§ **Directions**
Nothing but the lines from the one including "亭台轩榭,散落于绿林湖水之间" through the last line of the entries, restated exactly, should appear in the answer; omit the pictures.
*** Entries provided Section Begins ***
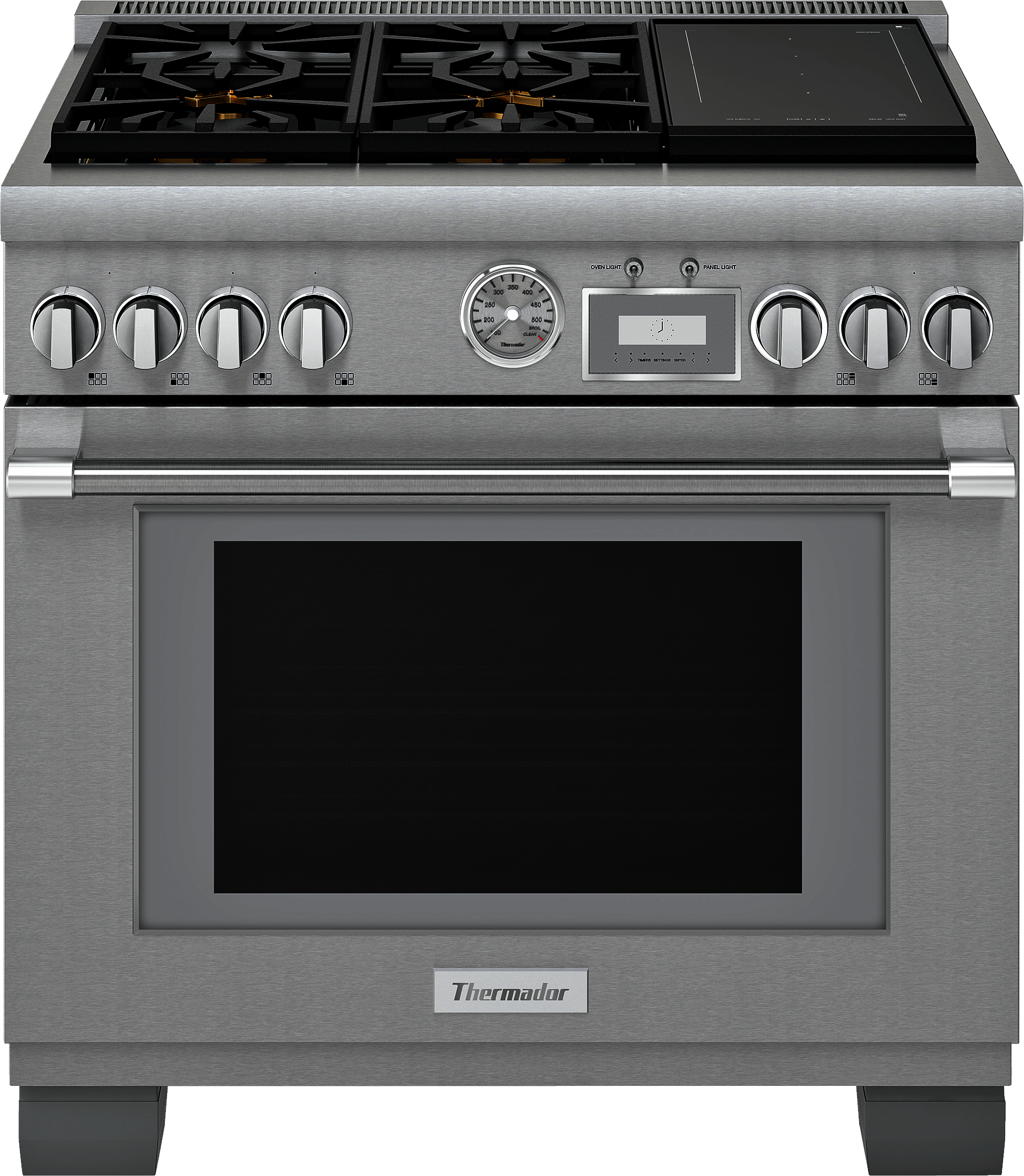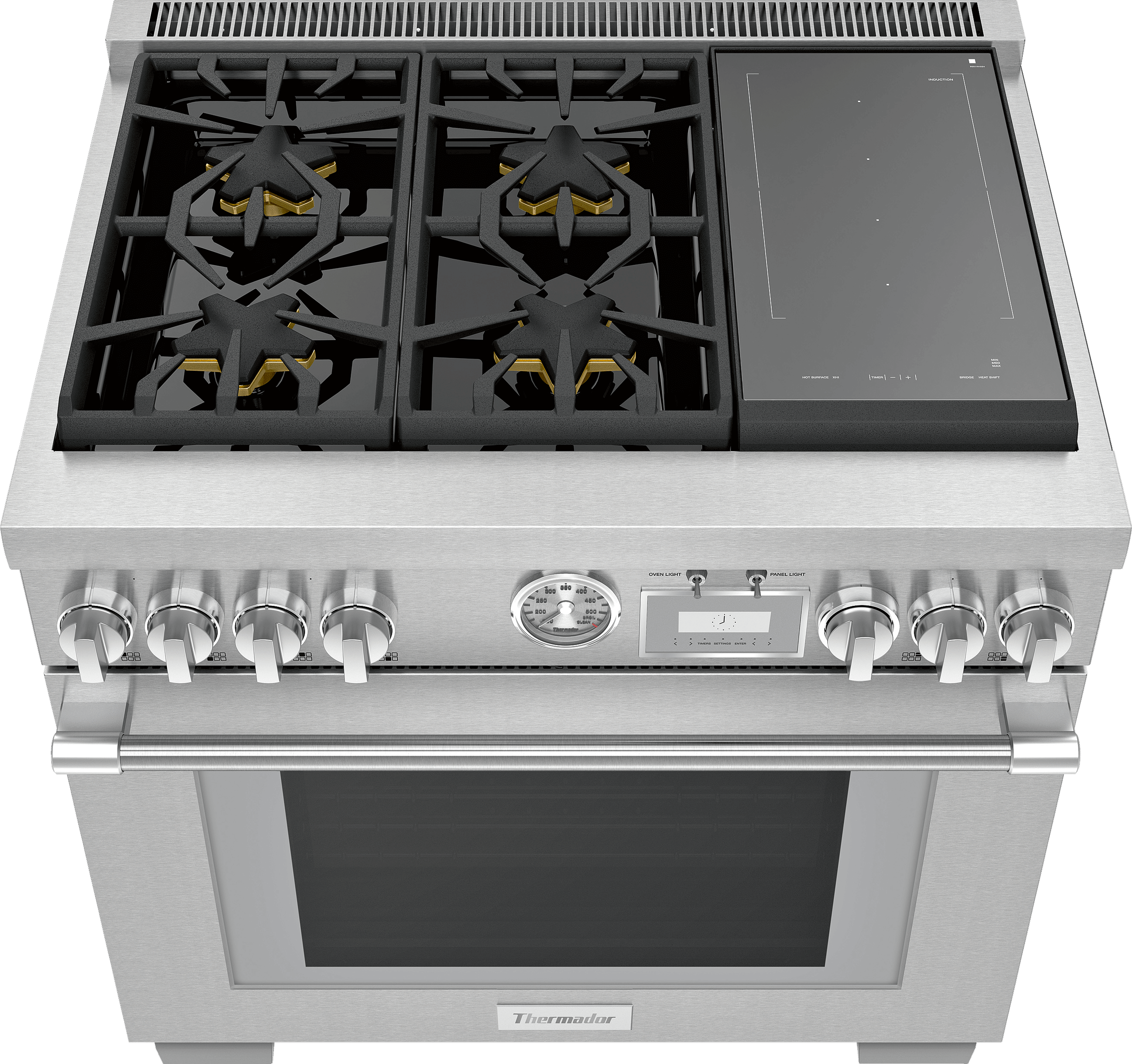 • The 36-inch Pro Grand commercial depth range is the perfect blend of professional grade cooking with a color Thin-Film Transistor interface. The multi-zone Liberty Induction module features two induction zones and HeatShift technology which automatically adjusts the heat when a pan is moved from one zone to another. The Patented Star Burner provides up to 22,000 BTU and is 56% longer than a round burner of the same size, enabling a superior flame spread for even heating and features a QuickClean Base designed for easy cleaning. The range is equipped with 4 Extralow Simmer burners that provide precise simmering capabilities. The multi-point temperature probe ensures precision and consistency when cooking and a two-hour self-cleaning mode reduces cleanup time. WiFi smart appliance capabilities include remote preheating and monitoring via Home Connect app. - 4 Star Burners
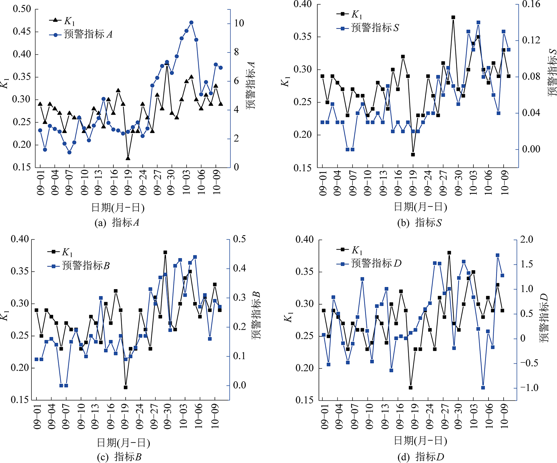 选取该煤矿12171里段运输巷在2020-09-01—2020-10-10的数据,对4个典型预警指标A、B、S、D(预警指标释义见表1)进行对比分析和相关性分析。通过绘制预警指标与实测防突预测数据K1的趋势线进行对比分析(图3)。
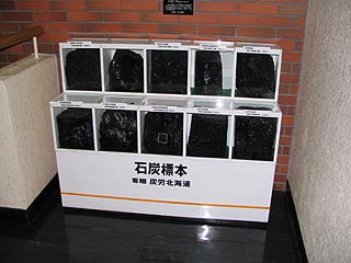 館内に入ると炭労北海道寄贈の石炭の塊の標本がありました。
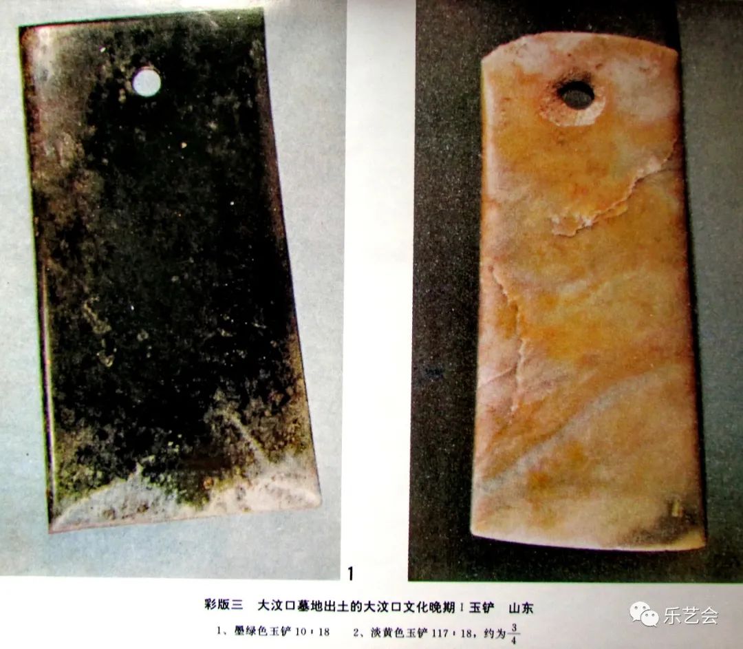 图9、山东大汶口文化出土的6300年前后的玉钺,(钺就是穿孔石斧和石铲)被认为是中国东夷民族使用穿孔石斧作斧钺式权杖的最早证据之一。它们是长江下游良渚文化的先民。在气候变化中从北部向南部沿海发展的东夷民族。[4](图片选自山东省文物管理处、济南市博物馆合编、1974年文物出版社出版《大汶口——新石器时代墓葬发掘报告》)
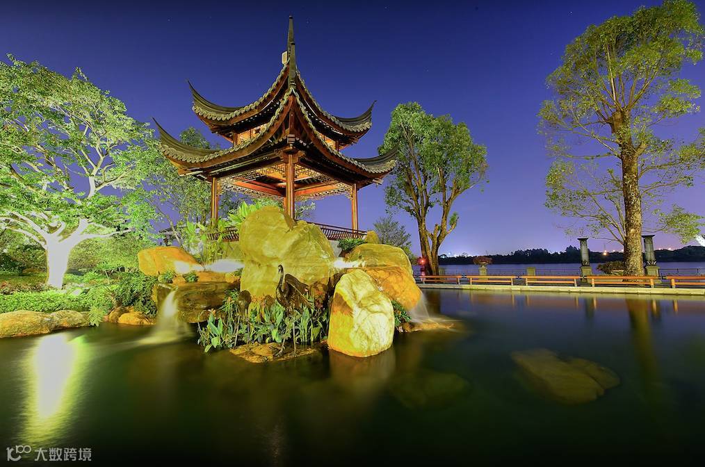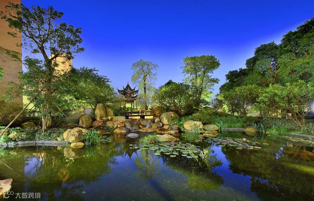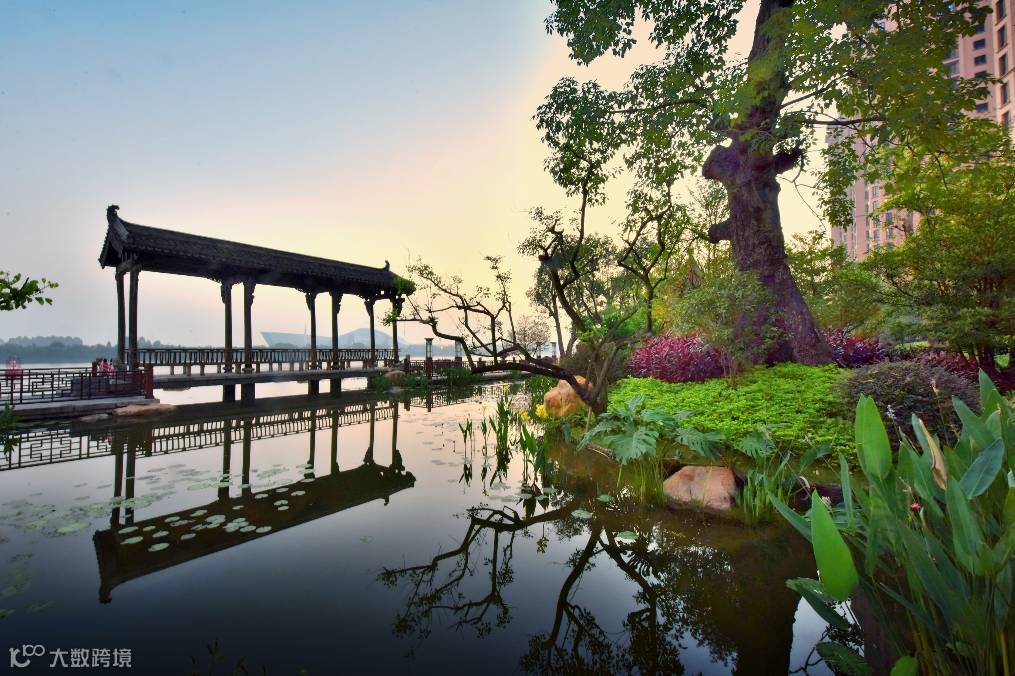 亭台轩榭,散落于绿林湖水之间,风景似画,满满的苏州园林即视感。而为了让代表中国造亭最高造诣的“苏亭”出现在珠江畔,星河湾把最正统的苏州古建筑团队请到了广州,手工造亭。
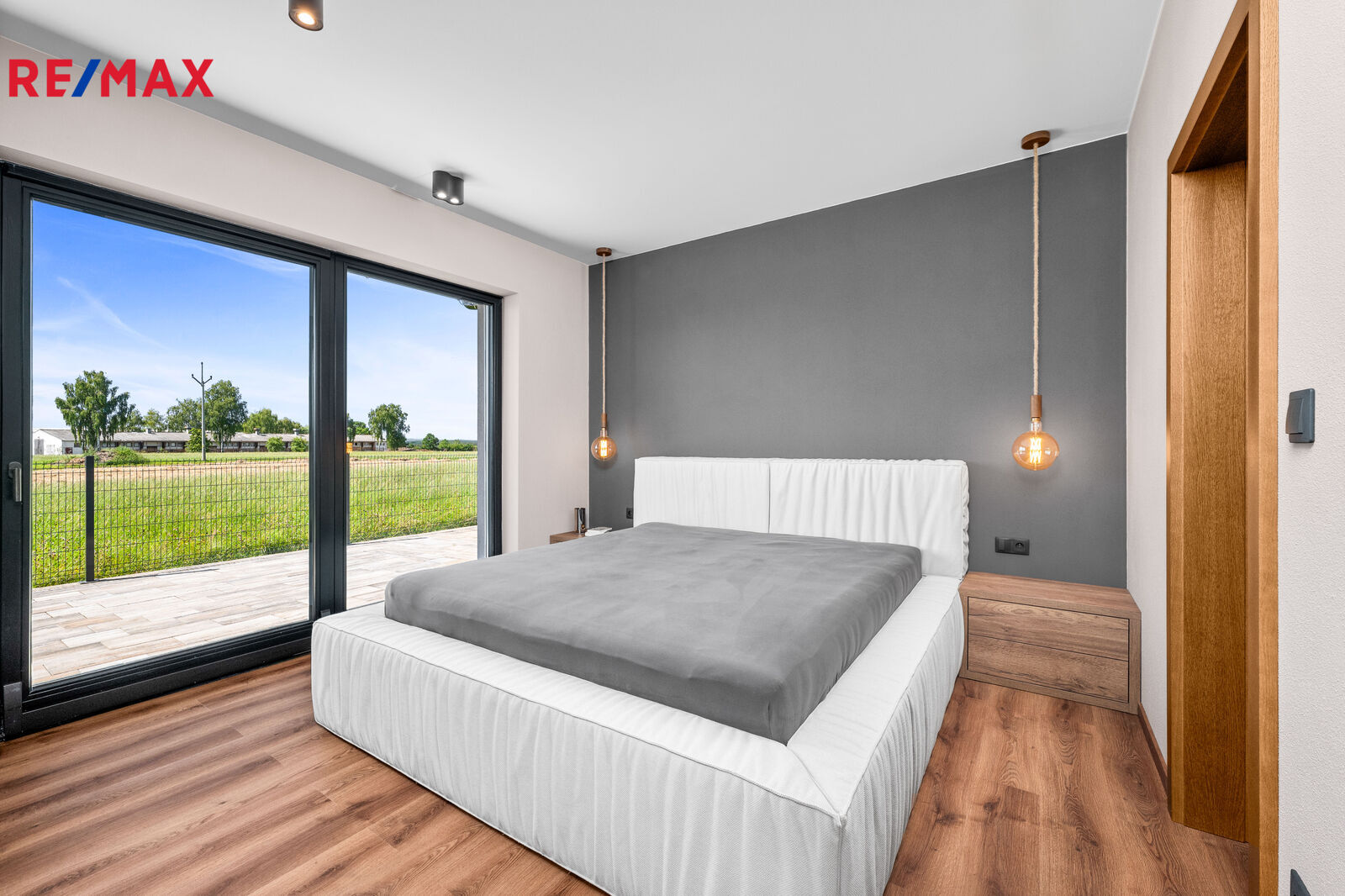 Nabízíme k prodeji nadstandardně provedenou, zatím neobývanou novostavbu přízemního rodinného domu v obci Mladošovice, vzdálené 9 km od Třeboně a 6,5 km z Borovan.
*** Entries provided Section Ends ***
§ **Result of this task**
 亭台轩榭,散落于绿林湖水之间,风景似画,满满的苏州园林即视感。而为了让代表中国造亭最高造诣的“苏亭”出现在珠江畔,星河湾把最正统的苏州古建筑团队请到了广州,手工造亭。
 Nabízíme k prodeji nadstandardně provedenou, zatím neobývanou novostavbu přízemního rodinného domu v obci Mladošovice, vzdálené 9 km od Třeboně a 6,5 km z Borovan.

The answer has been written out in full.